The Gisborne Herald
- Type: Daily/Evening
- Format: Tabloid
- Owner(s): NZME
- Editor: Jeremy Muir
- Founded: 1874
- Headquarters: Gisborne
- Circulation: 8,586
- ISSN: 1170-0432
- Website: Official website

= Gisborne Herald =

Newspaper published in Gisborne, New Zealand

The Gisborne Herald is the daily evening newspaper for Gisborne and environs. It was one of only four independently owned daily newspapers in New Zealand but was bought by NZME in 2024.

==History==
Established in 1874 as the Poverty Bay Herald it was published biweekly in the morning by Carlile and Co. In 1877 it was taken over by Poverty Bay Printing and Publishing Co., who turned it into an evening paper. In June 1875, publishing began tri-weekly, and changed again in October 1878 to become a daily paper.
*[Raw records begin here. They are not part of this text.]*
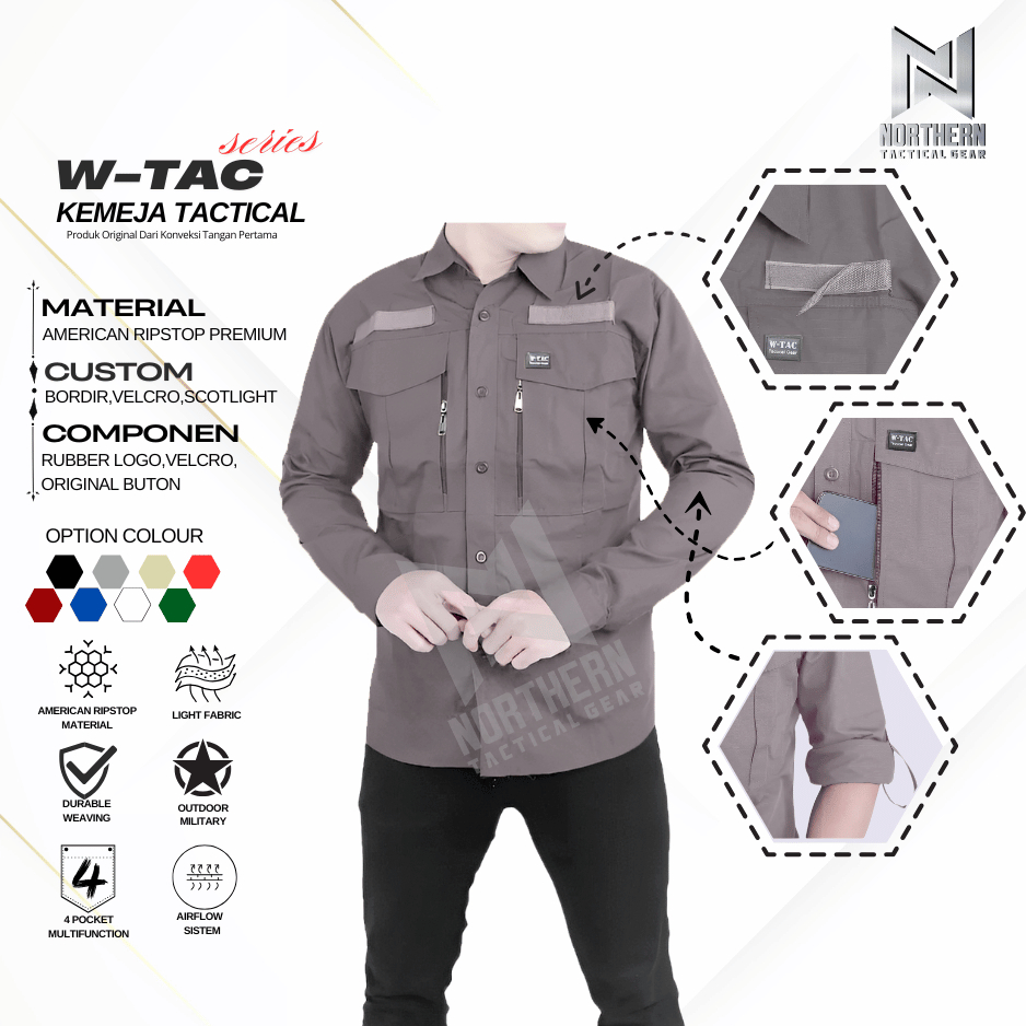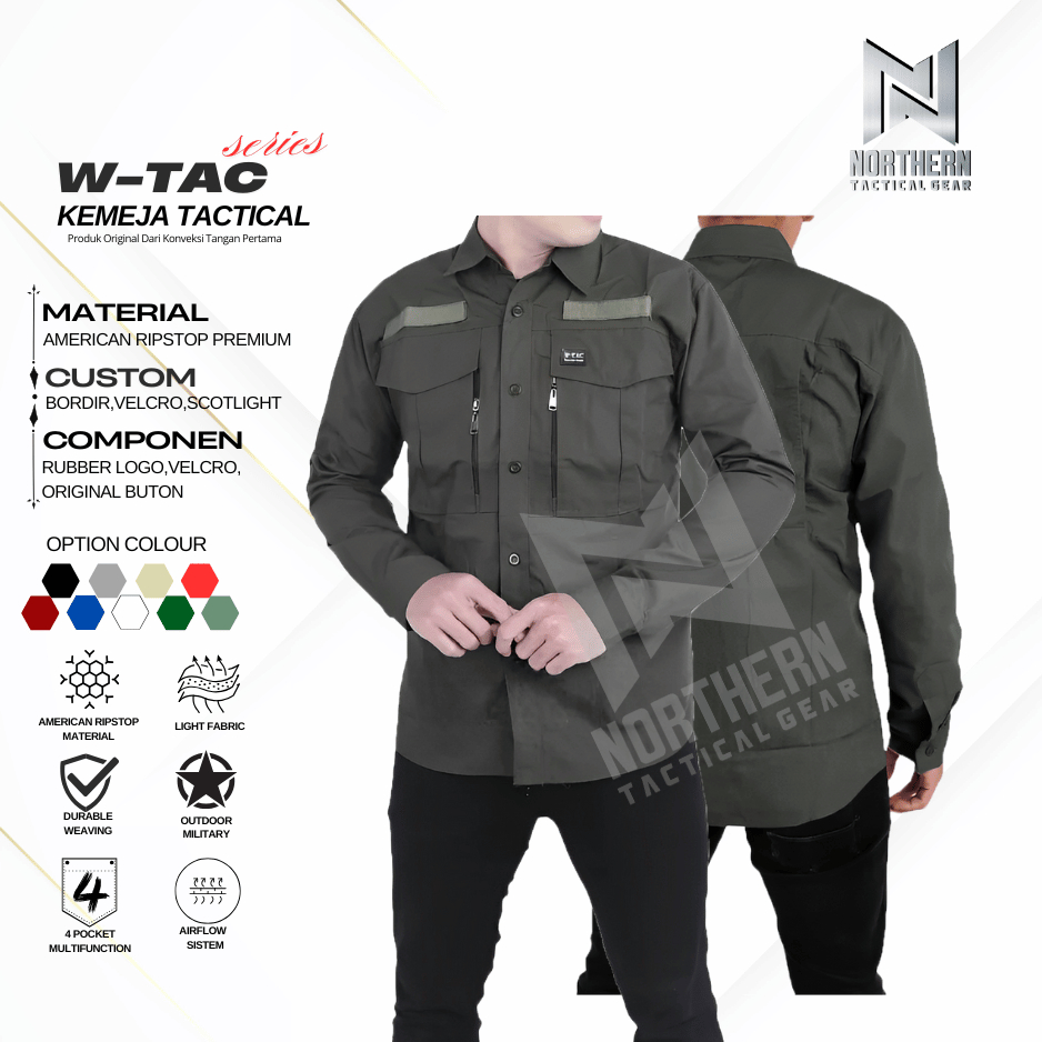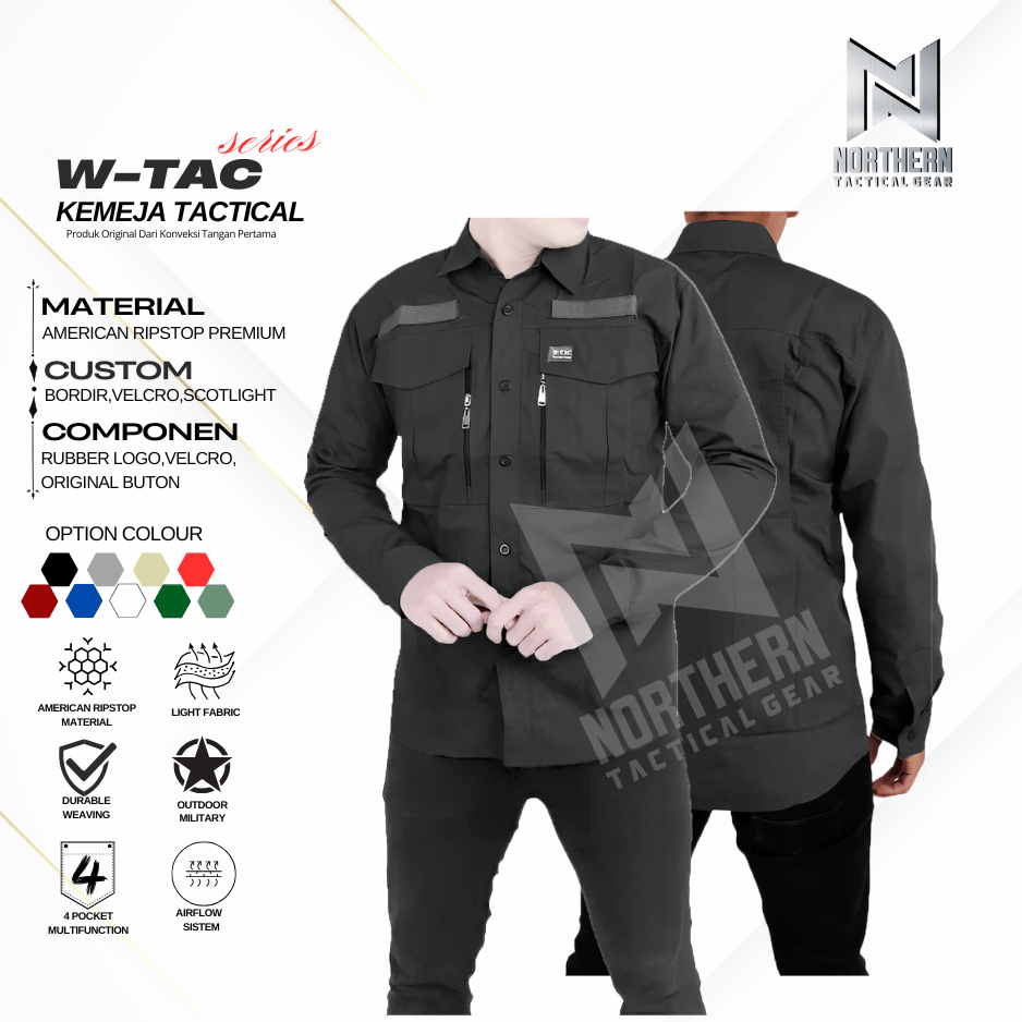 Kemeja Tactical Outdoor Lengan Panjang Pria Baju PDL W-Tac Ripstop TR Premium High Quality Custom Bordir Seragam Kerja K
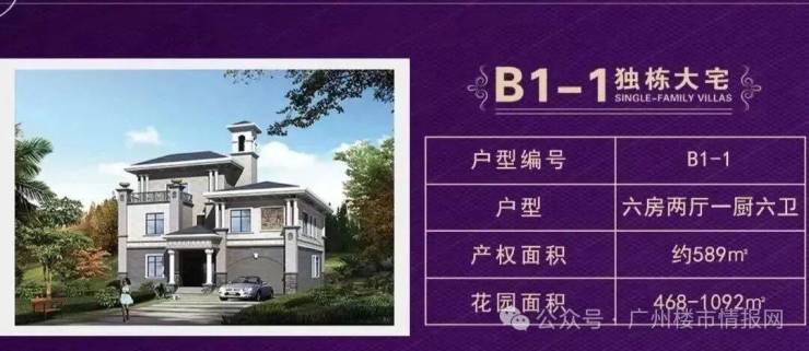独栋别墅:建筑面积425-589㎡(赠送)花园面积 500-1200㎡
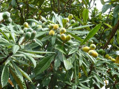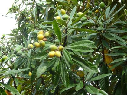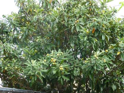 学校園には、大きな「びわの木」があります。今年もその実が大きくなってきました。早い実はすでに黄色くなってきているものもあります。毎年、この後の収穫の時期には、美味しいびわの実がたわわに実っています。
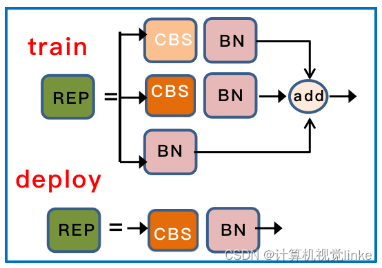 - REP模块分为两个,一个是train,也就是训练,一个deploy,也就是推理。
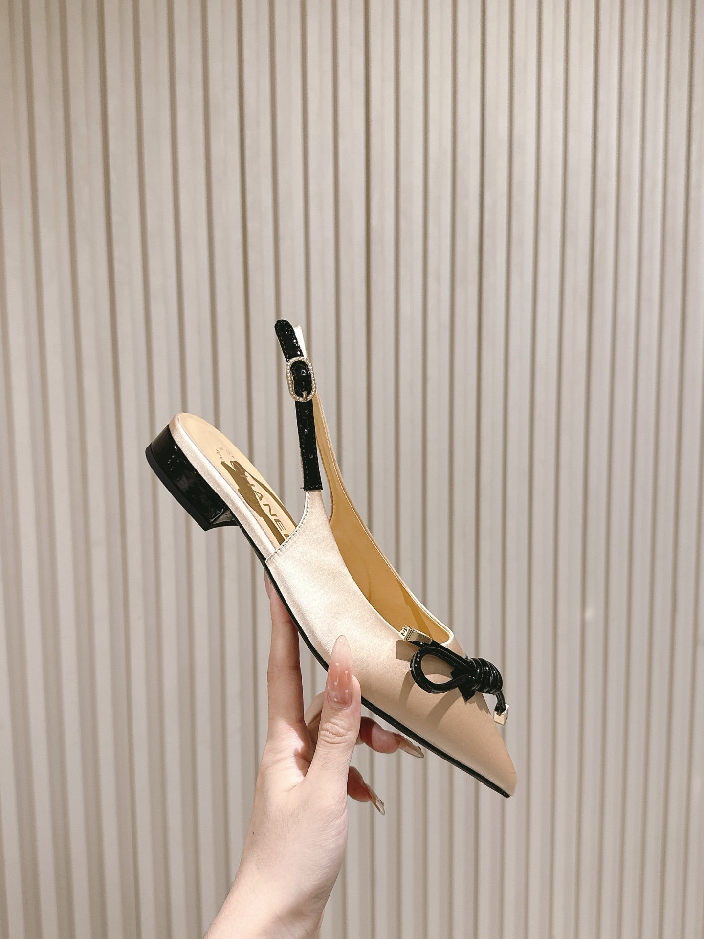 CC 25ss Bow Tie Slingbacks 20mm Beige Satin & Patent Leather 447410
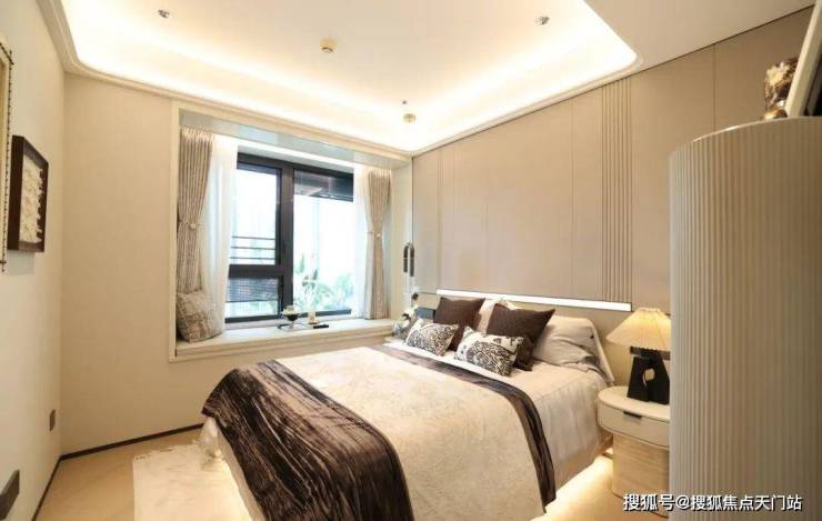 再来看看134㎡3室2厅2卫样板房。比起112㎡户型,这个客厅要宽敞很多,岛台也可以做成独立样式,摆放6人长桌也绰绰有余。主卧采用270度拐角飘窗设计,采光面拉满。
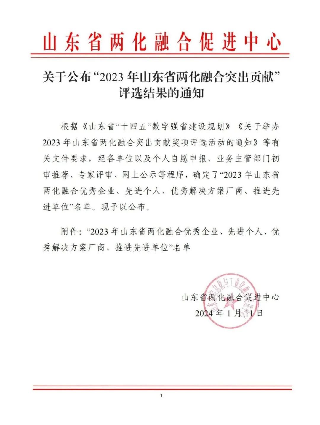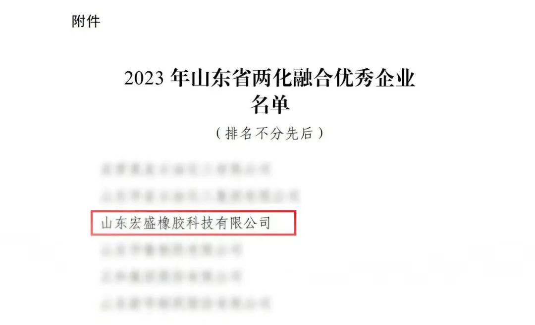 近日,根据《山东省“十四五”数字强省建设规划》、《关于举办2023年山东省两化融合突出贡献奖项评选活动的通知》等文件要求,经各单位以及业务主管部门初审推荐、专家评审等程序,山东宏盛橡胶科技公司荣获“2023年山东省两化融合优秀企业”荣誉称号。
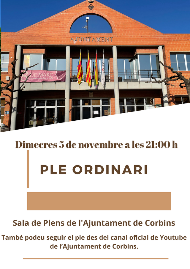 L'Ajuntament informa que avui dimecres 5 de novembre a les 21.00 h hi haurà ple ordinari a la Sala de Plens de l'Ajuntament.

The Poverty Bay Herald Co. Ltd. (now the Gisborne Herald Co. Ltd.) was formed in 1908. The paper was renamed The Gisborne Herald in 1939.

In 1999 it changed from a broadsheet to a tabloid format, making it New Zealand's only daily tabloid newspaper.

In mid March 2024, the Gisborne Herald and its website were acquired by NZME. Since 1987, NZME had owned a minority stake in The Gisborne Herald Company.